До Италии, точнее тех земель, где хозяйничали испанцы, первые помидоры добрались где-то около 1510 года и массовостью похвастаться пока явно не могли. Этакая заморская экзотика, которую выращивали в горшках среди других комнатных растений, и иногда в клумбах. Правда, темпераментные итальянцы уже прозвали его "золотым яблоком", что звучало как "поми д'оро", но до повсеместного употребления это название ещё не доросло. Потому, общаясь со своими венецианскими и генуэзскими коллегами, купец с трудом мог объяснить, что же он хотел. Но помогло то, что из Нового света ещё пока мало что пришло в старушку Европу и после долгих переговоров в руки русского купца всё же попали три помидоринки, которые стали ему в довольно кругленькую сумму. Жаба в Андрее от услышанной цены умерла от разрыва сердца, но князь безропотно уплатил купцу все затраты и обещанное вознаграждение. А потом старательно извлёк все семена из дозревших за дорогу плодов (недаром же рассказывал купцу, как их хранить). Тут его опыт садовода помог на все сто. Это вам не хлеба ростить. Процесс извлечения и хранения он ещё в прошлой жизни отработал. Ведь один помидор давал от 60 до 120 семян, а сколько их было в покупных пакетиках? Вот то-то. Последние лет десять они садили только свои помидоры и ничего, собирали очень даже неплохой урожай. А теперь предстояло ввести эту практику и тут. Недаром Герман присутствовал при всех процедурах. Ну а теплицы итак уже строились, ведь князь хотел уже в следующем году полакомиться любимым салатиком из лука, огурцов и помидорчиков.

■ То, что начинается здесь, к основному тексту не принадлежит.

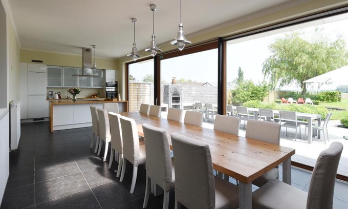 Offering a garden, Rue du Canal offers accommodations in Alveringem. Both free Wifi and parking on-site are available at the vacation home free of charge. On clear days, guests can head outside to enjoy the vacation home's outdoor fireplace or simply kick back and relax. Providing a terrace and garden views, the spacious vacation home includes 6 bedrooms, a living room, cable flat-screen TV, an equipped kitchen, and 3 bathrooms with a bath and a shower. Towels and bed linen are provided in the vacation home. For added privacy, the accommodation has a private entrance and soundproofing. Guests can make the most of the warm weather with the property's barbecue facilities. The area is popular for cycling and hiking, and bike rental is available at this 4-star vacation home. In addition to a seasonal outdoor pool, Rue du Canal also provides an indoor play area. The Menin Gate is 15 miles from the accommodation, while Plopsaland De Panne is 16 miles from the property. Ostend - Bruges International Airport is 26 miles away, and the property offers a paid airport shuttle service.

Когда все дела в вотчине были разобраны, а споры между холопами рассужены, Андрей снова засобирался в дорогу.
Глава 38
Столица встретила его нерадостным видом Михаила. Прекрасно понимая, что палангскую аферу скрыть вряд ли удастся, на собрании "акционеров" было решено послать его к государю с победной реляцией об удачном рейде и разгроме портовых городков Литовского княжества. В принципе это было лучше, чем, если б слухи о палангской авантюре достигли ушей великого князя стараниями иных "доброхотов".
Однако Василий объяснениями старшего брата не удовлетворился и потребовал предоставить пред свои очи главного исполнителя. Понимая, что заставлять государя долго ждать только бога гневить, Михаил сразу же отослал в Бережичи гонца, с которым Андрей, видимо, разминулся по дороге. И вот теперь приходилось лихорадочно соображать, что же такое говорить великому князю, потому как уже на следующий день после приезда Михаил потащил его на приём.
Кремль встретил их настороженными взглядами своих обитателей. Михаила тут знали многие, и теперь гадали: к добру или худу будет ему государево внимание. Ведь кто предскажет, во что оно может вылиться. Как там поэт скажет: "минуй нас пуще всех печалей и барский гнев, и барская любовь". Иван, тоже с утра находившийся во дворце, подойдя, крепко сжал плечо Андрея:
- Крепись, брат. Государь грозен, но отходчив. Главное сильно встречу ему не иди.
Понятливо кивнув головой, Андрей поспешил за Михаилом, прекрасно понимая, что не идти встреч вряд ли получится.
Расторопный служка провёл их до дверей малого зала и оставил ждать, когда государь освободится. Андрей лишь иронично хмыкнул: как у адмирала в приёмной. Сидишь и не знаешь, чего вызывали: толи хвалить будут, толи драить. Чтобы зря не психовать, он присел на край лавки и прикрыл глаза, пытаясь настроиться на будущий разговор.
- Ну, ты, брат, даёшь. Спать в приёмной у государя, такого я давно не видывал, - укоризненно и вместе с тем восхищённо проговорил Михаил.
- Да не сплю я, брат. Думу думаю. Просто так привычнее, - отмахнулся Андрей, но закрывать глаза больше не стал и даже поднялся с лавки. Если нельзя думать сидя, то он будет думать по-другому, ходя из угла в угол.